INPUT DATA:

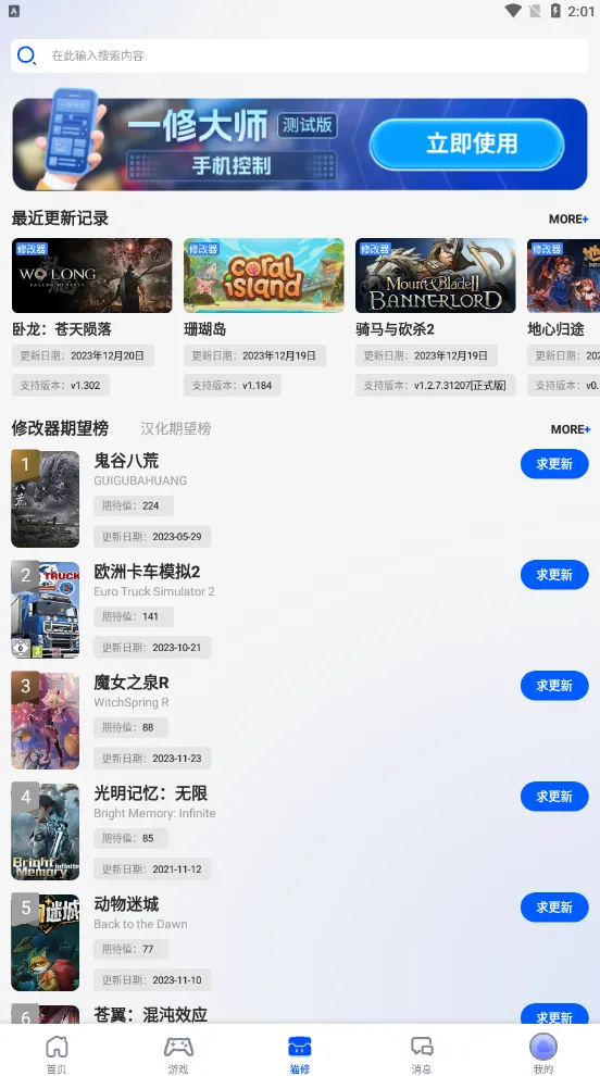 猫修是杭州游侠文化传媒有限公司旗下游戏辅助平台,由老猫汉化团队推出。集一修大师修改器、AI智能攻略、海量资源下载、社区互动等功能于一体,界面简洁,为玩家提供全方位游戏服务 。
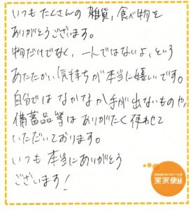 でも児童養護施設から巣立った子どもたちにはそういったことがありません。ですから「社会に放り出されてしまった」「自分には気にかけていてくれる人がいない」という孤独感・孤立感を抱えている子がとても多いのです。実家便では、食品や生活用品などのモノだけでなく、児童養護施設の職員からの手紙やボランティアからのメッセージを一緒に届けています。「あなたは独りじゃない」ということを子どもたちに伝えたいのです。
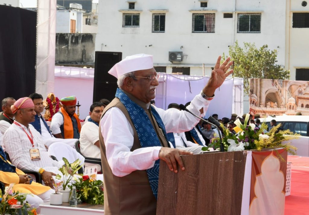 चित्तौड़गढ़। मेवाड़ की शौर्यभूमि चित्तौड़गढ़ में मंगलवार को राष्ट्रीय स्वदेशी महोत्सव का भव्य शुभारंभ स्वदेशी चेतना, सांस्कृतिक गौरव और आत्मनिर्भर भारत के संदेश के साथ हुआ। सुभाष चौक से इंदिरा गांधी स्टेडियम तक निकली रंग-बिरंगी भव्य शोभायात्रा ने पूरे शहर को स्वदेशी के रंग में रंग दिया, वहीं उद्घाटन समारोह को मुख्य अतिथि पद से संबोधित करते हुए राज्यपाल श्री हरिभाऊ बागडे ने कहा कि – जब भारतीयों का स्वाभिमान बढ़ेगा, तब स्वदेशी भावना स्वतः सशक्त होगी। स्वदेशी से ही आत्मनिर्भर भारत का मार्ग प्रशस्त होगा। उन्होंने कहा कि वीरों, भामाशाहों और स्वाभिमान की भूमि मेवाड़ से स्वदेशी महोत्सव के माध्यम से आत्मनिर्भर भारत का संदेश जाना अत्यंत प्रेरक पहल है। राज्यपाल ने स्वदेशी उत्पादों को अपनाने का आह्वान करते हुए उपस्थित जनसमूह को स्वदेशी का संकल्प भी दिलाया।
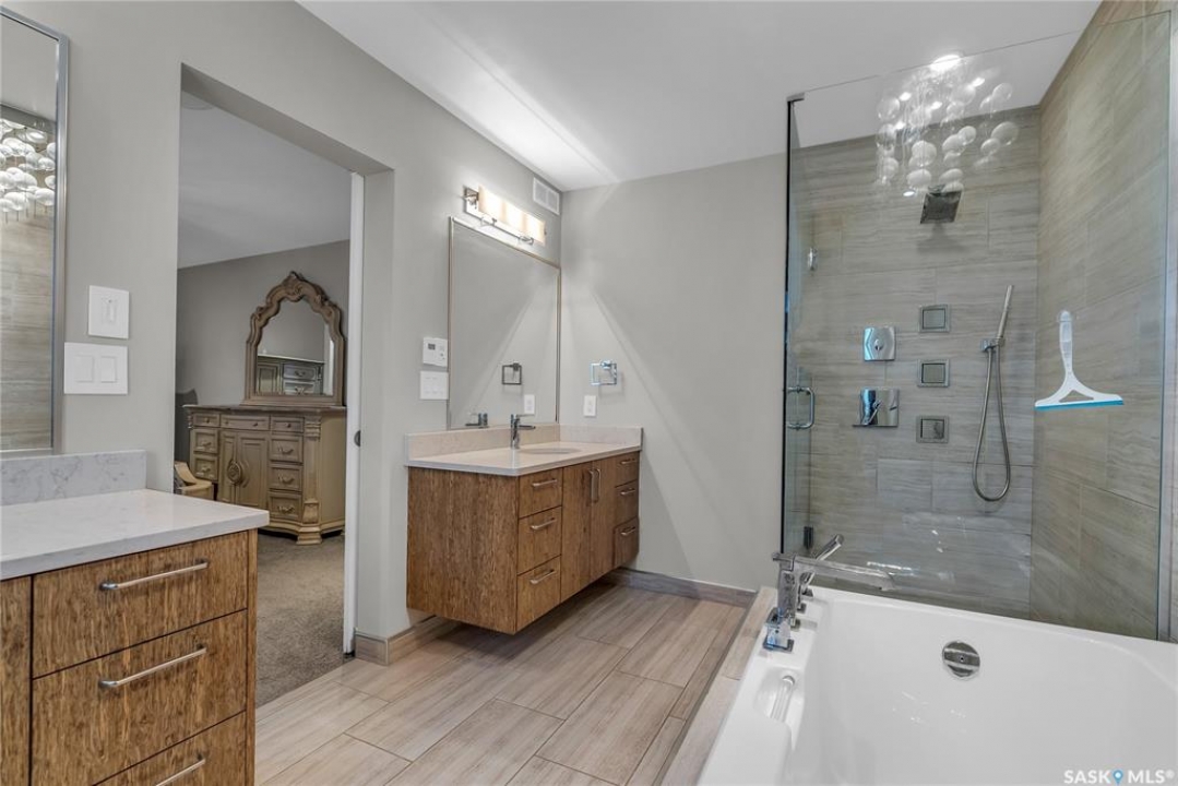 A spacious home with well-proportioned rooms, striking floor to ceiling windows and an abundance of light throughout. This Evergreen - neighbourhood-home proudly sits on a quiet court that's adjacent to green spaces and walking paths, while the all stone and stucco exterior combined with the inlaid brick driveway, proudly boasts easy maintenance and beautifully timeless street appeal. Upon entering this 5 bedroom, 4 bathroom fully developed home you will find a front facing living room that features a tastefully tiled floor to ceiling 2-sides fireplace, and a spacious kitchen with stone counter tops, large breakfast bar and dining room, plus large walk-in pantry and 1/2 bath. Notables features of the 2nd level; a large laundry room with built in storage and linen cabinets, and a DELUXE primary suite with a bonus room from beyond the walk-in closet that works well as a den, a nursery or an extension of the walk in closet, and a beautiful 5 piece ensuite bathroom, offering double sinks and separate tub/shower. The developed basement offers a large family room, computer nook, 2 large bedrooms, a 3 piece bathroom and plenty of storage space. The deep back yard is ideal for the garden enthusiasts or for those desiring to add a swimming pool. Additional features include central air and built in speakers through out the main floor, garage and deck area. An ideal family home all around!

EXERCISE AIM: Output the listing exactly, pictures excluded.

RESPONSE TO THIS TASK:
 猫修是杭州游侠文化传媒有限公司旗下游戏辅助平台,由老猫汉化团队推出。集一修大师修改器、AI智能攻略、海量资源下载、社区互动等功能于一体,界面简洁,为玩家提供全方位游戏服务 。
 でも児童養護施設から巣立った子どもたちにはそういったことがありません。ですから「社会に放り出されてしまった」「自分には気にかけていてくれる人がいない」という孤独感・孤立感を抱えている子がとても多いのです。実家便では、食品や生活用品などのモノだけでなく、児童養護施設の職員からの手紙やボランティアからのメッセージを一緒に届けています。「あなたは独りじゃない」ということを子どもたちに伝えたいのです。
 चित्तौड़गढ़। मेवाड़ की शौर्यभूमि चित्तौड़गढ़ में मंगलवार को राष्ट्रीय स्वदेशी महोत्सव का भव्य शुभारंभ स्वदेशी चेतना, सांस्कृतिक गौरव और आत्मनिर्भर भारत के संदेश के साथ हुआ। सुभाष चौक से इंदिरा गांधी स्टेडियम तक निकली रंग-बिरंगी भव्य शोभायात्रा ने पूरे शहर को स्वदेशी के रंग में रंग दिया, वहीं उद्घाटन समारोह को मुख्य अतिथि पद से संबोधित करते हुए राज्यपाल श्री हरिभाऊ बागडे ने कहा कि – जब भारतीयों का स्वाभिमान बढ़ेगा, तब स्वदेशी भावना स्वतः सशक्त होगी। स्वदेशी से ही आत्मनिर्भर भारत का मार्ग प्रशस्त होगा। उन्होंने कहा कि वीरों, भामाशाहों और स्वाभिमान की भूमि मेवाड़ से स्वदेशी महोत्सव के माध्यम से आत्मनिर्भर भारत का संदेश जाना अत्यंत प्रेरक पहल है। राज्यपाल ने स्वदेशी उत्पादों को अपनाने का आह्वान करते हुए उपस्थित जनसमूह को स्वदेशी का संकल्प भी दिलाया।
 A spacious home with well-proportioned rooms, striking floor to ceiling windows and an abundance of light throughout. This Evergreen - neighbourhood-home proudly sits on a quiet court that's adjacent to green spaces and walking paths, while the all stone and stucco exterior combined with the inlaid brick driveway, proudly boasts easy maintenance and beautifully timeless street appeal. Upon entering this 5 bedroom, 4 bathroom fully developed home you will find a front facing living room that features a tastefully tiled floor to ceiling 2-sides fireplace, and a spacious kitchen with stone counter tops, large breakfast bar and dining room, plus large walk-in pantry and 1/2 bath. Notables features of the 2nd level; a large laundry room with built in storage and linen cabinets, and a DELUXE primary suite with a bonus room from beyond the walk-in closet that works well as a den, a nursery or an extension of the walk in closet, and a beautiful 5 piece ensuite bathroom, offering double sinks and separate tub/shower. The developed basement offers a large family room, computer nook, 2 large bedrooms, a 3 piece bathroom and plenty of storage space. The deep back yard is ideal for the garden enthusiasts or for those desiring to add a swimming pool. Additional features include central air and built in speakers through out the main floor, garage and deck area. An ideal family home all around!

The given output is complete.